Alexis se esforça para não desmoronar. Seu corpo é tomado por sentimentos conflitantes. Ela aperta a maçaneta da porta e abaixa a cabeça para tentar esconder seu rubor. Alexis retoma o controle sobre si mesma e faz Zoltar entrar, antes que alguma aluna os visse conversando no corredor. Por mais que Zoltar tenha chego até ali por seus planos, seria outra coisa no dia seguinte. Em algum momento ele teria que voltar ao seu próprio dormitório e ela teria que lidar com as consequências por si mesma. Alexis vinha de uma nobre família de elfas negras e sabia tomar conta de si mesma. E jubilou em silencio ao saber que era capaz de perturbar um coração tão negro quanto o dela. E talvez por isso mesmo Alexis não se importava em admitir, ainda que para si mesma, que estava saboreando essa sensação nova, desafiadora e ameaçadora.

– Muito bem, Zoltar. Você foi capaz de chegar até aqui, pode muito bem entrar e sentar. Quer descobrir o mistério? Quer me conhecer? Vejamos se ainda tem coragem de olhar em meus olhos depois que ouvir a minha história.

– Acredite, Alexis, eu temo mais por contar a minha história do que em ouvir a tua.

– Está tentando me impressionar, garoto? Ou está blefando? Seja bem sincero, comigo, Zoltar. Seja o que tenha do seu passado, eu quero saber tudo.

Sem pestanejar, Zoltar conta toda sua história para Alexis, sem amenizar ou esconder os detalhes.
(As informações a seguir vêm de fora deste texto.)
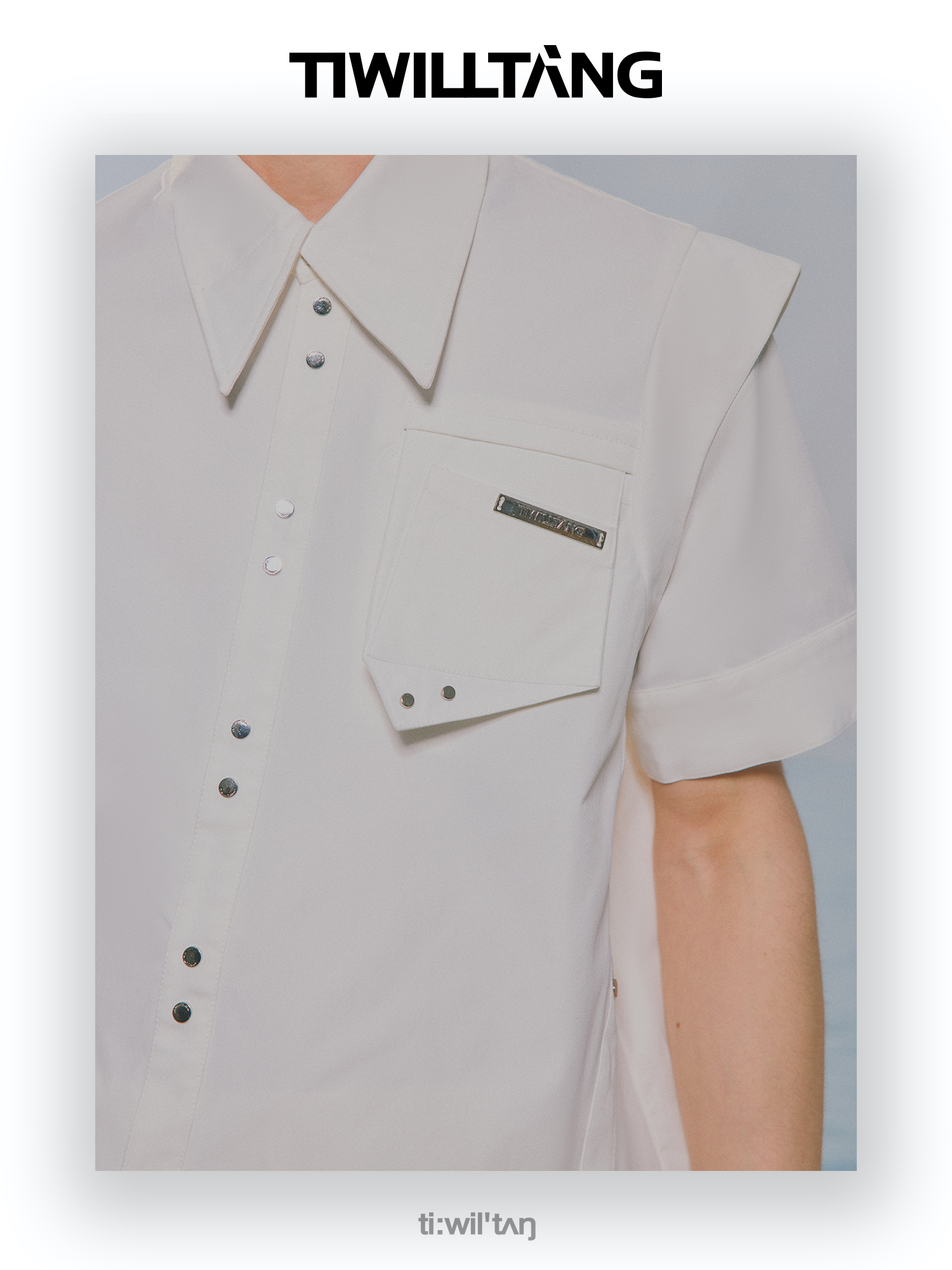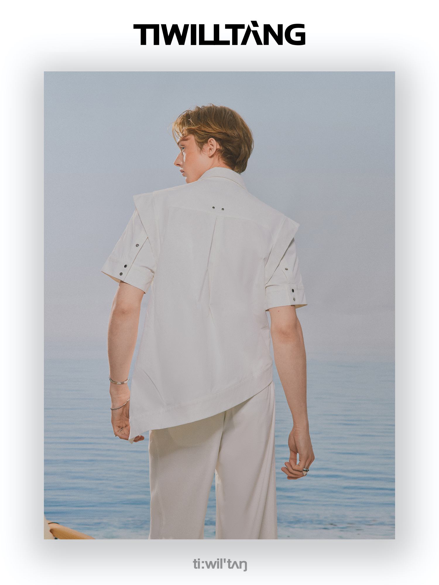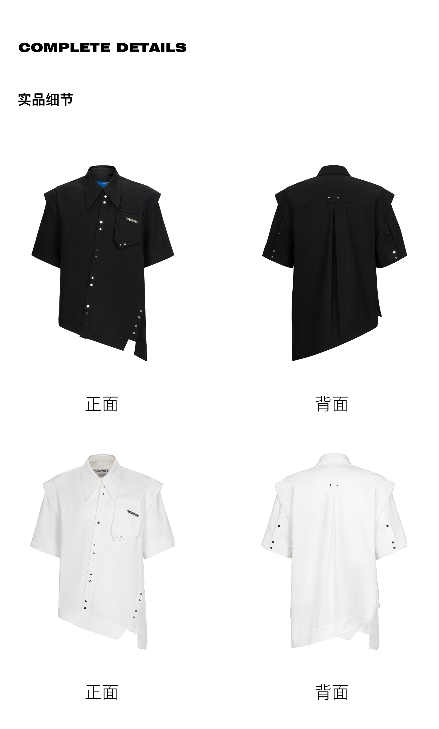 启世录TIWILLTANG“原焐汔制”斜门襟短袖衬衫黑白薄款衬衣修身男

Alexis não conseguia conceber ou imaginar semelhante vida. Ao contrário de Zoltar, ela conheceu seus pais, conhecia suas origens, conheceu o calor e carinho de uma família, ela não teve que lutar por sua sobrevivência a todo instante nem sofreu diversas tentativas de assassinato. Constrangida, Alexis muda de assunto.

– Eu quero que me diga o que você vê em mim a ponto de te interessar. Eu estou bem longe de qualquer ideal de beleza que um macho possa procurar em uma fêmea.
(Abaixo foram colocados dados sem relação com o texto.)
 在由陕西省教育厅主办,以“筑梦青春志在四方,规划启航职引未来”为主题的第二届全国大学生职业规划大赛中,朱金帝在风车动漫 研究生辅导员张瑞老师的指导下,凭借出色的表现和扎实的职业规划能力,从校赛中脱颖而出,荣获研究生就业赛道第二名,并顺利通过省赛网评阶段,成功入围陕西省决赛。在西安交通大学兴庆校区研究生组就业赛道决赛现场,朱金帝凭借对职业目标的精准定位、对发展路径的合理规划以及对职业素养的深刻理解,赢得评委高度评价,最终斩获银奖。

Zoltar elogia com desembaraço os dotes que via em Alexis. Ele via mais beleza em sua pele cinza do que em qualquer outra pele. Ele preferia olhar em seus olhos vermelhos a olhar um jardim florido. Ele admirava como seus cabelos refletiam o prateado da lua. Ele ansiava por ouvir de sua boca seu nome pronunciado. Ele trocaria todos seus livros de magia por um único sorriso dela. Ele confessou desejar morrer por um abraço dela. Então parou. Como se antecipasse que poderia ir longe demais.

– Então você gosta de minha pele, cinza como a pele de um cadáver. Você gosta de meus olhos, vermelhos como sangue fresco sendo derramado. Você gosta de meus cabelos prateados como a lua. Você gosta de minha boca e de meus dentes. Quer morrer enquanto eu o tenho em meus braços. Por que parou? Será que há algo que mesmo o poderoso Zoltar não pode falar? Será que eu provoco algo mais em você? Eu não confiarei nem acreditarei em você enquanto não me disser tudo. Vejamos se continua tão ousado diante da morte!
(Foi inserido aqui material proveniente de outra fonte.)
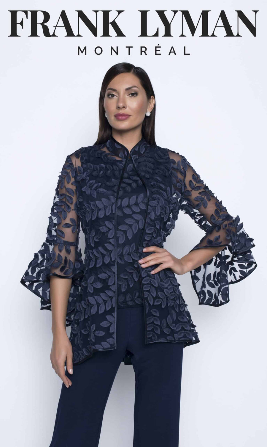 Elegant leaf applique evening jacket with sleeve detail in striking midnight color. Pair back with basic camisoles . Easy care fabric, hand wash cold water, 100% polyester. Leaf applique on front and back with hook & eye enclosures. Unlined and approx.
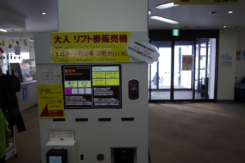 スキーセンターに入りリフト券を購入。回数券を買ったのですが、珍しくICの回数券でした。ローカルゲレンデにありがちな紙の回数券で改札鋏を入れるタイプではなかったですね。
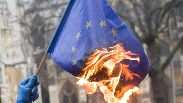 12月6日,英國最高法院“脫歐”程序案審理持續(xù),脫歐支持者在最高法院外焚燒歐盟旗幟示威。

Alexis levanta-se, como se estivesse zangada, abre seu armário e tira uma sacola de dentro dele. Da sacola, Alexis puxa um arco, retesa a corda e aponta na direção de Zoltar. Conforme retesa a corda, uma flecha de energia se materializa no espaço entre suas mãos, pronta para atingir o alvo.

– Diga, agora, o que esconde Zoltar, ou eu juro que disparo essa flecha direto em sua cabeça! E saiba que eu irei rir enquanto agoniza no chão!

Evidente que Alexis não pode fazer coisa alguma. Seus braços fraquejaram e a flecha de energia quase não se materializava. Tudo que Zoltar teve que fazer foi sorrir. Ver o rosto sombrio, cheio de cicatrizes, coberto de pelos espessos, com um sorriso que contrastava com os olhos púrpuras de Zoltar, fez com que o coração de Alexis disparasse.

– Não ria! Não caçoe de mim! Eu te mato! Eu juro que te mato! Maldito! Eu posso explodir sua cabeça com essa flecha! Diga algo!

– Alexis, nem mesmo o arco da própria Diana poderia me atingir. Mas se realmente quer acabar comigo, abrace-me, beija-me, consuma meu corpo com teu corpo.

Zoltar levanta, aproxima-se de Alexis, a desarma, a envolve em seu braço, deixa seu rosto próximo ao dela e a beija sem qualquer temor. Alexis e Zoltar ainda não sabem o que está acontecendo. Seja o que for é bom, é muito bom.